A comparison between the sensor presented in this work and similar configuration with graphene or graphene oxide membranes is listed in Table 1. The sensor proposed in this work as a significantly lower diaphragm diameter which leads to a lower acoustic pressure sensitivity. As a result, the achieved MDP level is higher when compared to similar sensing structures at comparable frequency values. However, the MDP value could be significantly increased by increasing the diameter of the diaphragm.

Table 1.

Comparison of characteristics and performance between our sensor and similar sensor structures.
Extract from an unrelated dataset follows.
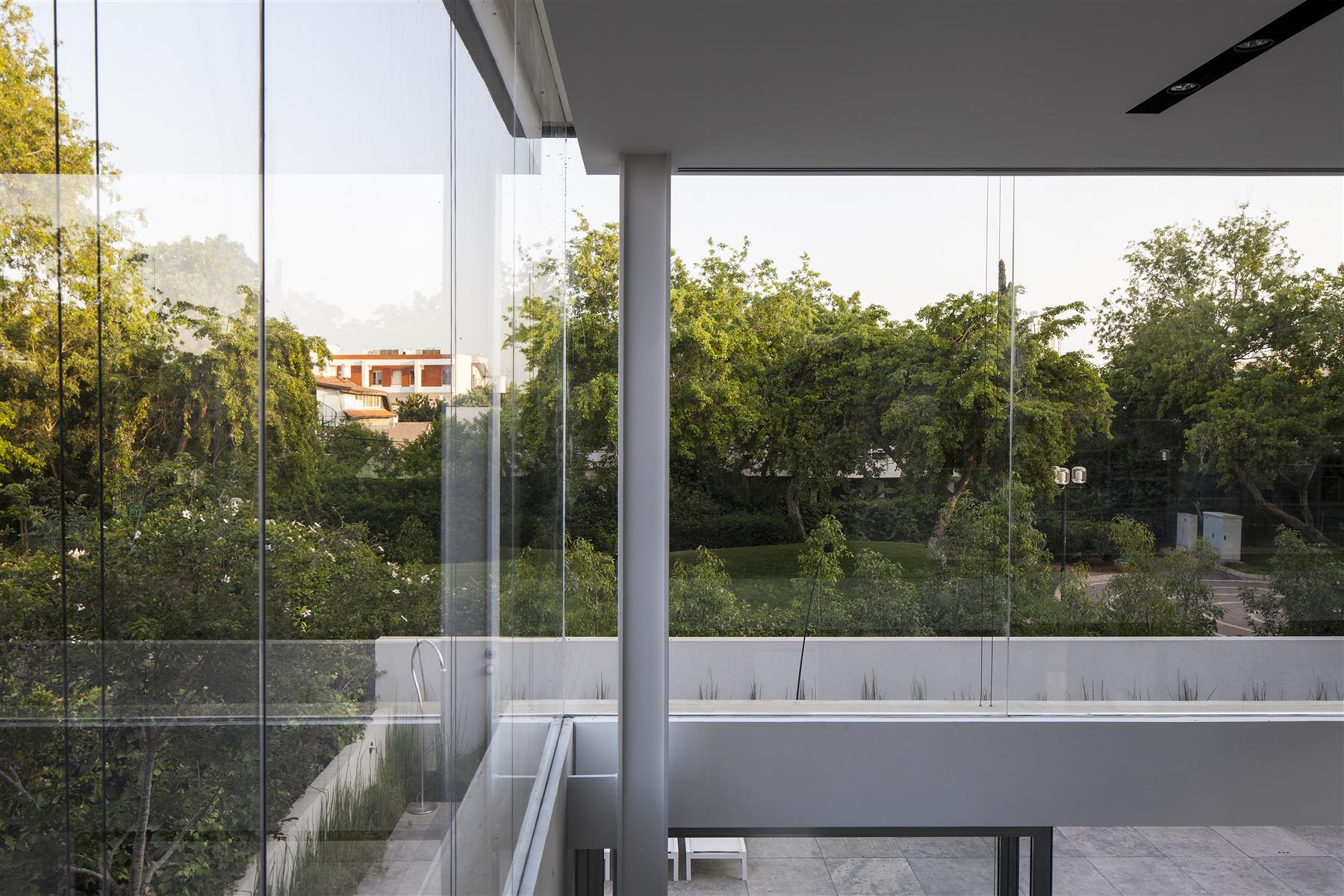 Kombinacija steklo-beton ponuja različne stopnje zasebnosti, kajti medtem ko na južni strani ta dvonadstropna hiša igra ”nudista”, je na severni čisti ”zapetež”. Pred dnevnim prostorom in tik za panoramskimi drsnimi stenami se bohoti čudovit piscina all'aperto, v zgornji etaži pa najdemo spalnice in kabinet. V zgornje nadstropje vodijo ”javne” stopnice, ki jih pospremijo stekleni paneli, zažrti v beton, vsi prostori pa so od glave do pet oblečeni v minimalizem. Barvitost v monokromatsko vzdušje vnašajo notranje rastline in posamezni pohištveni elementi, strogi minimalizem pa mehča tudi zelena zunanja okolica.

Diaphragm Characteristics			MDP	Frequency	Reference
Material	Thickness	Diameter
Graphene	100 nm	125 µm	59.5 µPa/Hz1/2 @10 kHz	0.2 to 22 kHz	[29]
Graphene	10 nm	1 mm	0.77 Pa/Hz1/2 @5 Hz 33.97 μPa/Hz1/2 @10 kHz	5 Hz to 800 kHz	[30]
Graphene-silver composite	6.36 nm	80 µm	-	0.5 to 30 kHz	[31]
Graphene	4 atomic layers	147 µm	-	0.5 to 20 kHz
Graphene oxide	100 nm	1.8 mm	1.8 µPa/Hz1/2 @20 kHz	0.1 to 20 kHz	[32]
Graphene oxide	~40 nm	75 µm	478 µPa/Hz1/2 @25 kHz	20 to 100 kHz	This work

4. Conclusions

An optical fiber acoustic sensor based on a graphene oxide diaphragm has been demonstrated. The presented sensor was attained through a very simple fabrication procedure, which do not require harmful chemical products, when compared to similar acoustic sensors with graphene-based diaphragms.
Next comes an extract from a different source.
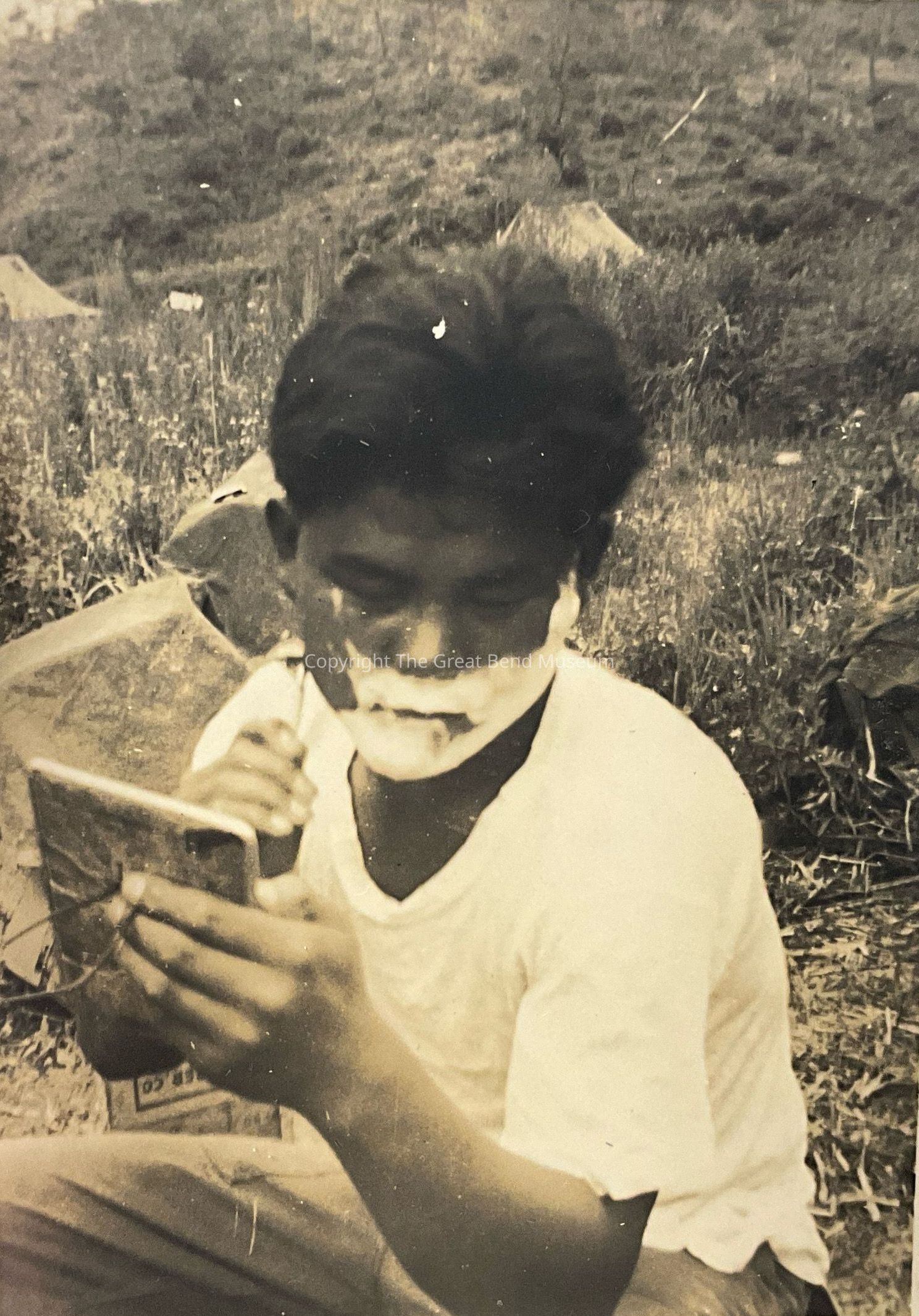 Photo of boy shaving—Written on back “Yun Jun Boo Joey shaving—Punch Bowl last of July 52.” “He didn’t have a beard just shaving.”

The sensor achieved a wideband frequency region of operation between 20 and 100 kHz, which is fairly good when compared to graphene oxide based acoustic sensors. A maximum SNR value of 32.7 dB was attained at a frequency of 25 kHz. Temperature characterization was also carried out, achieving a linear wavelength shift of 80.8 pm/°C for temperatures between 16 and 90 °C.
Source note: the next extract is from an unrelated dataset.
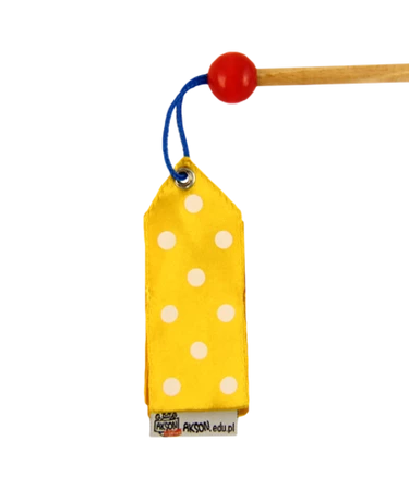 Wstążka gimnastyczna Junior jest starannie wykonana, a co najważniejsze jest bezpieczna, nie posiada żadnych metalowych elementów, ani ostrych zakończeń. Część materiałowa wykonana jest z błyszczącej, żółtej taśmy w białe groszki o długości 1,5 m. Materiał połączony jest z drewnianą tyczką kolorowym sznureczkiem, a tyczka zakończona jest po obu stronach drewnianymi kulkami, dzięki czemu wstążka idealnie pasuje do małych rączek i jest wygodna i bezpieczna w użytkowaniu.

In future work, temperature compensation mechanisms can be added to reduce the influence of thermal fluctuations on the sensor response. Furthermore, considering that temperature may change the mechanical properties of the diaphragm, dynamic studies can be carried out to evaluate the acoustic response of the sensor at different temperatures. The proposed sensor offers the possibility to be applied as a microphone, or to be integrated in more complex imaging systems in fault detection systems in gas pipelines or engineered structures, for example.

Author Contributions

Conceptualization and methodology, C.S.M.; writing—original draft preparation, C.S.M.; writing—review and editing, M.R., P.A.R., S.O.S. and O.F.; supervision, M.R., P.A.R., S.O.S. and O.F.; All authors have read and agreed to the published version of the manuscript.

Funding

Catarina S. Monteiro acknowledges the support of the Foundation for Science and Technology (FCT), Portugal through the Grant SFRH/BD/135820/2018. This research was funded by ERDF—European Regional Development Fund through the Operational Programme for Competitiveness and Internationalization–COMPETE 2020 Programme, and by National Funds through the Portuguese funding agency, FCT–Fundação para a Ciência e a Tecnologia within projects ENDOR–Endoscope based on New Optical Fibre Technology for Raman Spectroscopy (PO-CI-01-0145-FEDER-029724) and UltraGraf (M-ERA-NET2/0002/2016).

Institutional Review Board Statement

Not applicable.

Informed Consent Statement

Not applicable.

Data Availability Statement

Data available on request due to restrictions privacy. The data presented in this study are available on request from the corresponding author.

Conflicts of Interest

The authors declare no conflict of interest.